You may also want to start with yoga supplies for beginners. Traditional beginner yoga supplies include a yoga block, strap, yoga mat, and mexican blanket. Yoga bolsters can also be supportive. 

How to find the best beginner-level yoga classes from home

Whereas earlier you may have been restricted only to yoga studios in your locality, with the pandemic, you now have access to teachers all over the globe. This can be as confusing as it is exciting. Try to first become clear on the kind of guidance you require and how much you’re willing to spend on it. 

For those looking for free offerings, there’s an abundance of beginner yoga classes on YouTube where you can customize your practice and try out a wide range of styles. There are also many subscription-based websites and apps that expose you to a wide range of teachers and styles for all levels. However, sooner or later you will feel the need to connect to a teacher personally to guide you through this complex journey, in which case you can proceed to join an online class. It is much harder for a teacher to watch you and check your postures through a screen, so ensure you find someone who gives clear, thorough instructions and does not take on too many students at a time. You may need to try out different platforms and teachers before you find one that works for you. Be patient with yourself, trust in the practice and allow your body to guide you. 

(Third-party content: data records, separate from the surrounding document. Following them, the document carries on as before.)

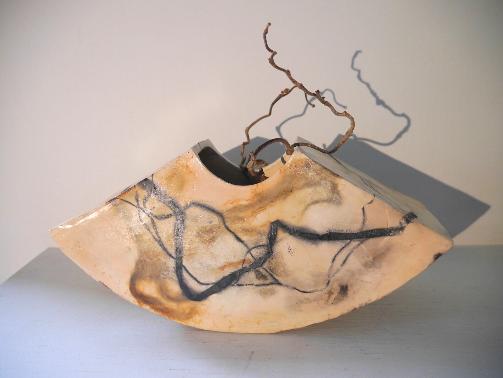 Först kavlar jag stengodsleran och sätter ihop delarna, sen polerar jag med en sten så den blir blank. När den torkat helt så lägger jag på 3 lager av Terra sigillata och polerar igen. Sen skröjbränds den i ca 950 gr. Sen lägger jag den i en saggar/behållare med olika brännbara material, samt lägger på koppartråd ( som du ser som svarta linjer) , svinto, järnoxid, bananskal, metallnät, tallbarr mm. Så in i keramikugnen med lock på och låter elden skapa mönstret. Detta gör att alla blir helt unika . Sen polerar jag igen efter att jag tvättat av eldresterna.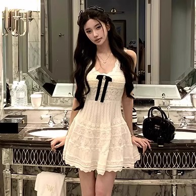 港味风格吊带连衣裙女夏季新款蝴蝶结短裙钩花镂空纯欲针织背心裙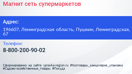 Магнит, сеть супермаркетов по адресу 196607, Ленинградская область, Пушкин, Ленинградская, 67 в дальнейшем Организация, размещена в следующих категориях: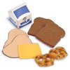 - Includes 2 slices of wheat bread, 2 slices of turkey, lettuce, tomato, cheese, 4 celery sticks, 2 pretzels, grapes, orange and milk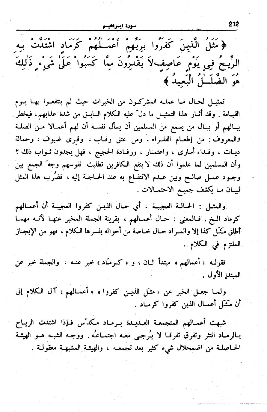 مَثَلُ الَّذِينَ كَفَرُوا بِرَبِّهِمْ أَعْمالُهُمْ كَرَمادٍ اشْتَدَّتْ بِهِ الرِّيحُ فِي يَوْمٍ عاصِفٍ لَا يَقْدِرُونَ مِمَّا كَسَبُوا عَلى شَيْءٍ ذلِكَ هُوَ الضَّلالُ الْبَعِيدُ (18)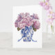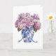 Esta encantadora tarjeta de felicitación muestra una impresionante ilustración en acuarela de un exuberante arreglo de hortensias en suaves tonos de rosa y púrpura, elegantemente exhibido en un clásico jarrón de cerámica chinoiserie azul y blanco. Atado con una delicada cinta azul con intrincados patrones florales, este diseño emana elegancia y encanto atemporales. El suave fondo blanco resalta los colores vibrantes y los detalles finos, lo que lo convierte en una opción ideal para cumpleaños, agradecimientos o cualquier ocasión especial en la que desees enviar un toque de belleza y sofisticación. Perfecta para agregar un mensaje personal, esta tarjeta en blanco seguramente deleitará a cualquier destinatario.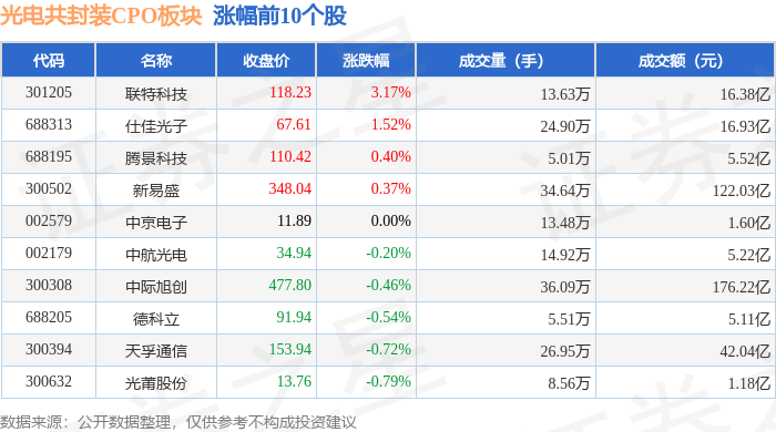 证券之星消息,11月4日光电共封装CPO板块较上一交易日下跌1.08%,亨通光电领跌。当日上证指数报收于3960.19,下跌0.41%。深证成指报收于13175.22,下跌1.71%。光电共封装CPO板块个股涨跌见下表: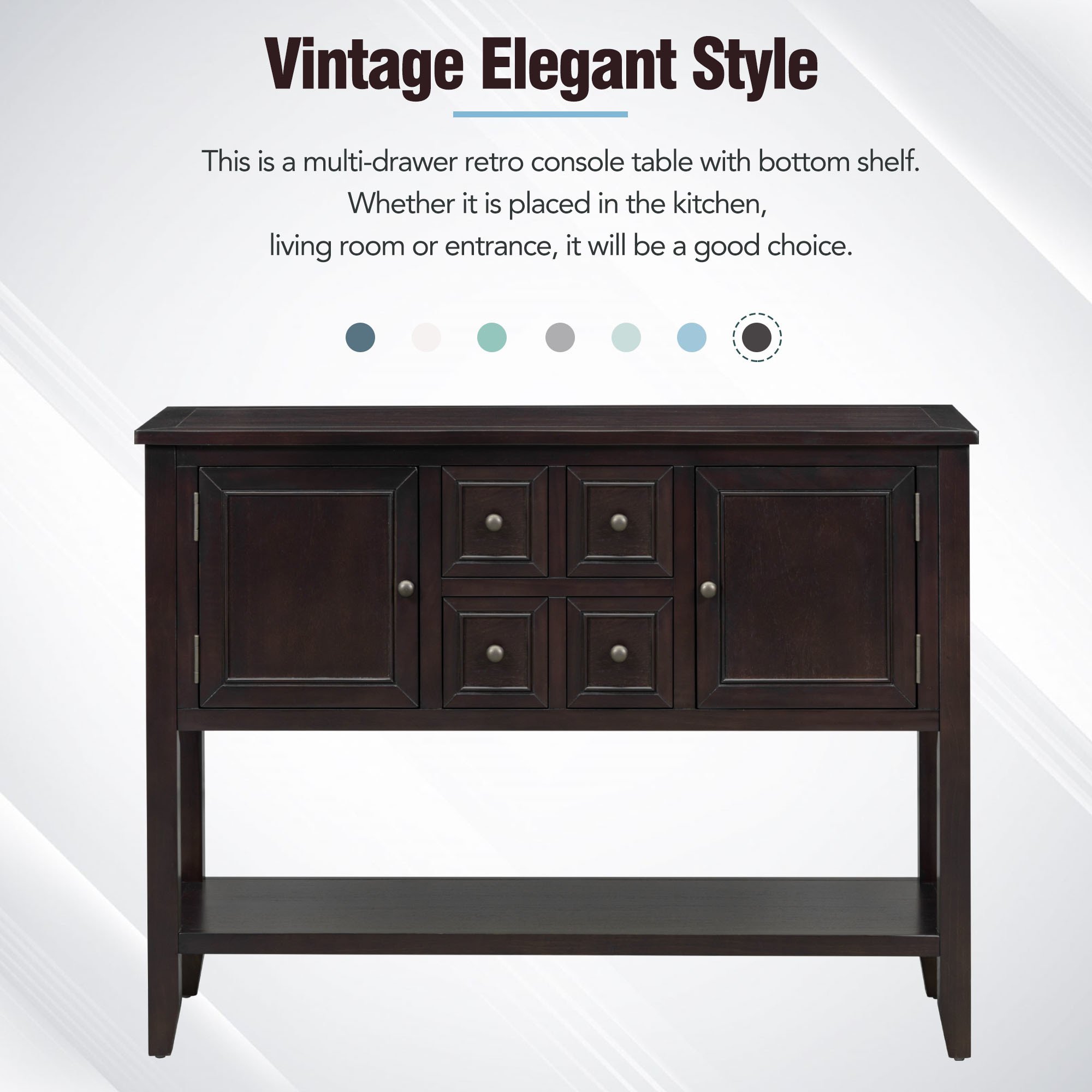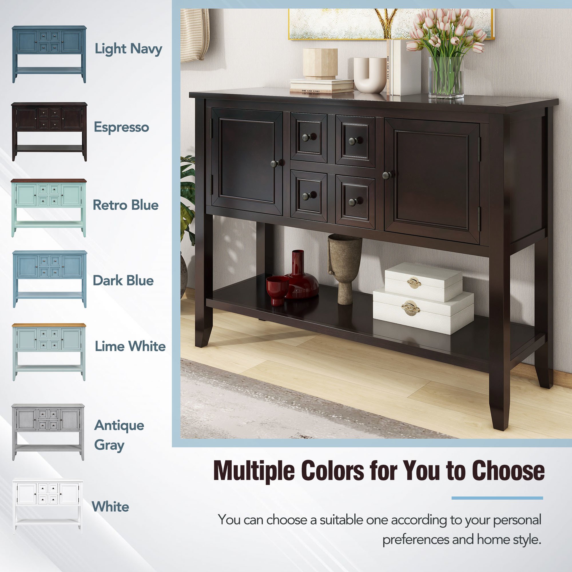 Vintage Elegant StyleThis is a multi-drawer retro console table with bottom shelf. The low-key and elegant retro style can be matched with your home decoration at will, adding an elegant and romantic atmosphere to your home. This console table is available in many colors, including retro blue, light navy, white, lime white, espresso, antique gray, and dark blue. You can choose a suitable one based on your personal preferences and home style.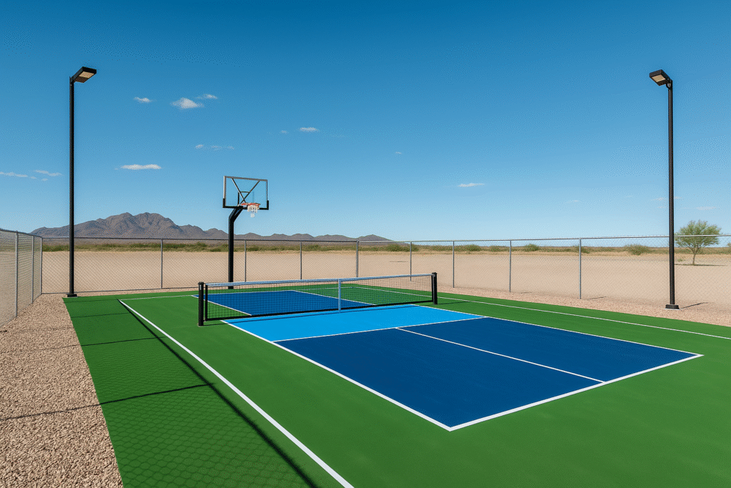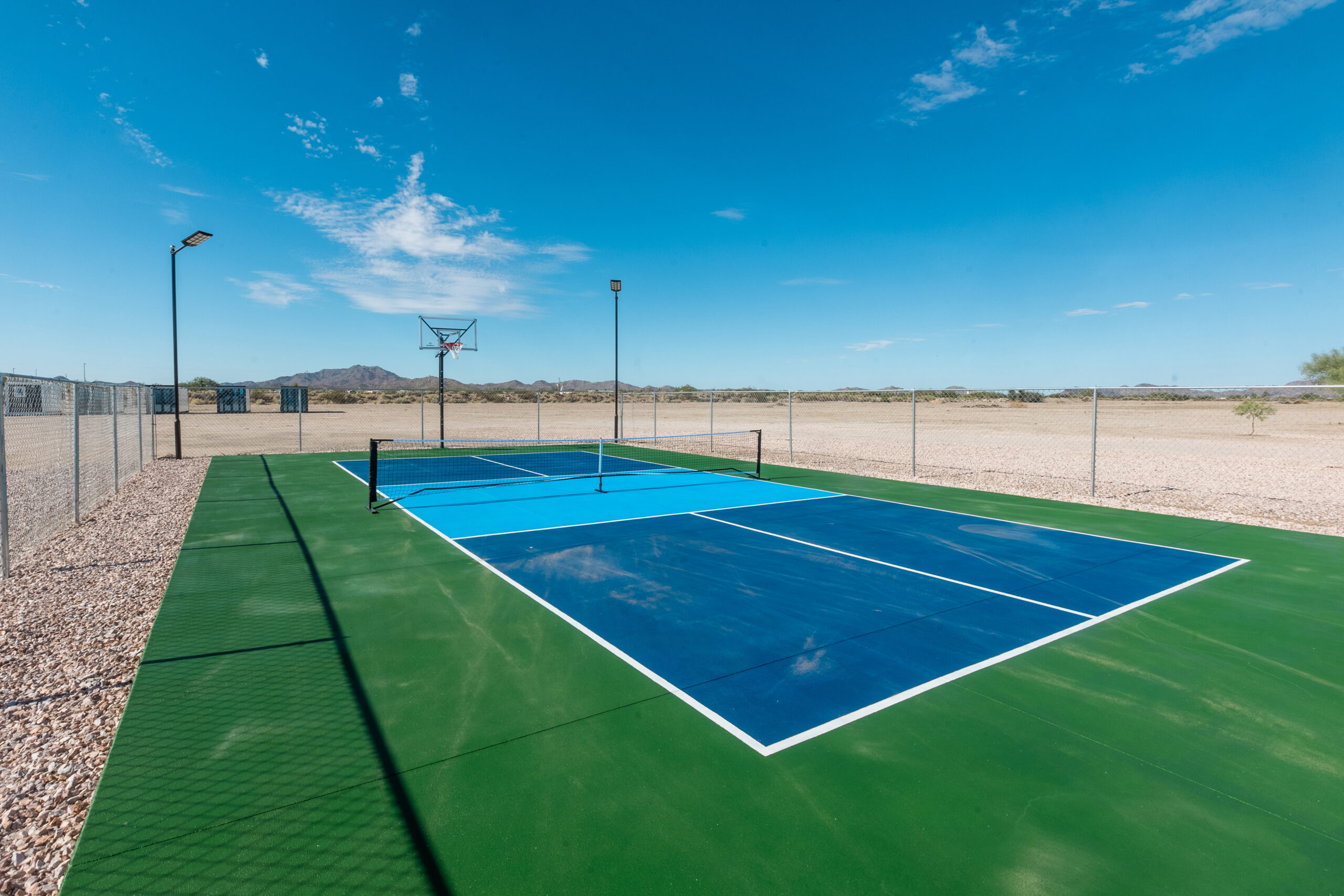 Play your way on our dual-use sport court built for both pickleball and basketball, with crisp lines and mountain views.

While the practice of yoga may look nothing like it did a few months ago, there has never been a better time to start a yoga journey. It is one of the most effective tools available to look into ourselves and become aware of the things we have to release in order to achieve more understanding and acceptance. When everything is as strange and uncertain as it is now, it is easy to get lost in panic and despair. A practice that brings you back to the joys of movement and breath can help you not only stay afloat but thrive in the moving chaos of our time.


  1. Woodyard, Catherine. “Exploring the therapeutic effects of yoga and its ability to increase quality of life.” International Journal of Yoga (2011): 49-54.
  2. Harvard Medical School. Yoga – Benefits Beyond the Mat. February 2015. August 2020.
  3. Yamamoto-Morimoto, Kuniko, et al. “Positive Effects of Yoga on Physical and Respiratory Functions in Healthy Inactive Middle-Aged People.” International Journal of Yoga (2019): 62-67.

4. Sengupta, Pallav. “Health Impacts of Yoga and Pranayama: A State-of-the-Art Review.” International Journal of Preventive Medicine (2012): 444-458.